Building a search engine for my blog
Published on under the Blog Search Engine (Series) category.

TL;DR: I now have a search engine on my blog at search.jamesg.blog. Check it out!
A few months ago, I added a feature that let visitors to this site search for a page on the site. I used some JavaScript to craft a request to Google that would let you search for my site using the "site:" search filter. I then started to think whether this was the best approach, so I moved to DuckDuckGo. Not fully satisfied with relying on a third-party for search, I considered whether to create my own search engine for the blog. This was not a light decision because, as I shall discuss later, it would mean a big infrastructure change. But I made the leap and now I have a search engine for my blog.
The limitations of static sites
This site is built on Jekyll, a static site generator. Static websites such as those built with Jekyll feature pages that have already been written and/or generated.

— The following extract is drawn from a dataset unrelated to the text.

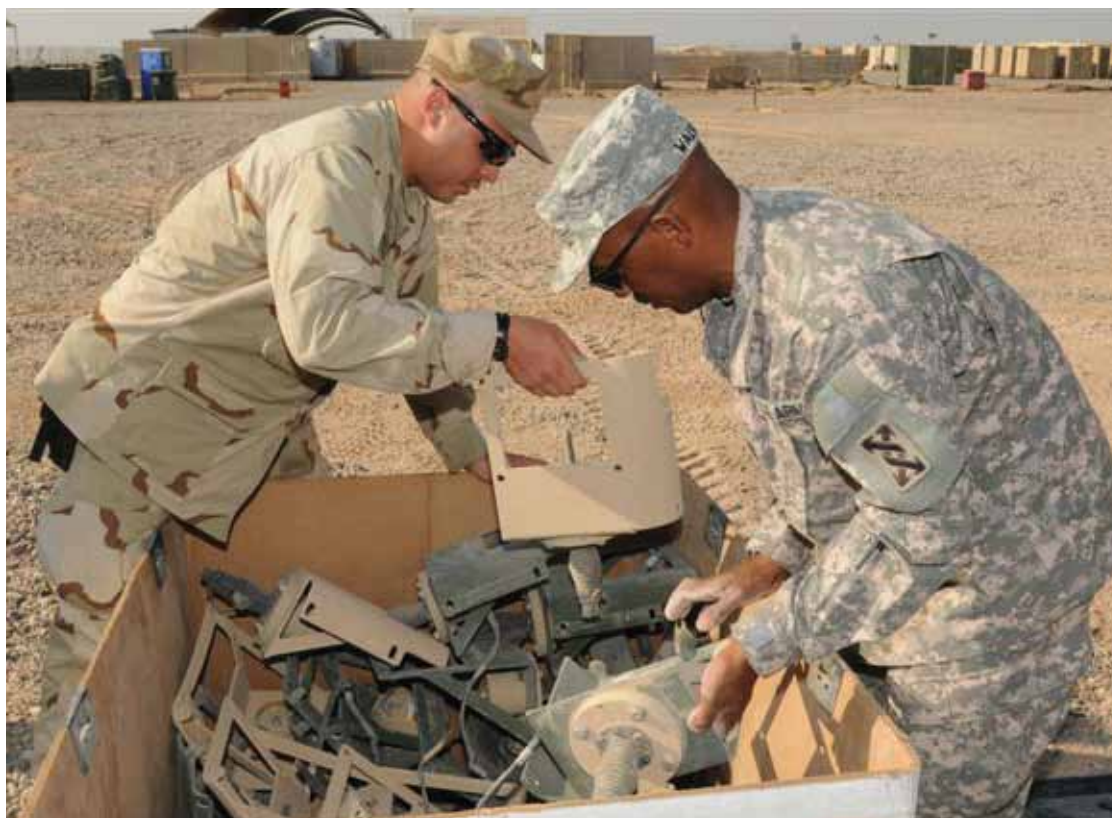
The 319th Transportation Company non-commissioned officer-in-charge of the mobile redistribution teams for Operation Clean Sweep inspects excess supplies with a chief petty officer from Riverine Squadron 1 in Basra, Iraq, on 4 November.

A The two big advantages to this approach is speed and simplicity: pages load fast and I have a good understanding of how the site is generated. However, using a static site means that I cannot add dynamic features like search without relying on JavaScript.
Relying on JavaScript was not an option I was willing to explore for a search engine. This could be done but it would be very hard to engineer an elegant solution that offered what I wanted in a search engine. I instead decided that building a web application that was hosted on a sub domain would be a better approach. I ended up deciding that search.jamesg.blog would be a dynamic site powered by Python Flask, a back-end web framework, and jamesg.blog would stay as is. I did not want to change my existing site because everything is just the way I like it. Jekyll is perfect for my use case. Using Flask on a server seemed like the best option available to me.
Building the index
All search engines keep an index. This refers to a record of pages that have been tracked. Google tracks pages on millions or billions of websites (most likely) but I don't need to do this for my search engine. I just need to index all of the pages on my site. To do this, I decided to keep things simple and rely on the sitemap.xml file I have on my blog, which is actually one way search engine crawlers—which build an index of a site—discover URLs.
To build an index, I used sqlite3, a simple database system that works well with Python and doesn't require too much work to set up. sqlite3 lets me store all of my index in one .db file that is stored with my project. My site isn't that large so this solution is fine. I then go through every page in my sitemap.xml file using BeautifulSoup so that I can discover all the URLs on my site. I then use the Python requests library to request each URL and get the following pieces of information about each page on my site:
- Meta description
- Title
Altogether, my index stores the URL, meta description, and title associated with each page on my site. This is all I need and is the data through which you can search when using my search engine.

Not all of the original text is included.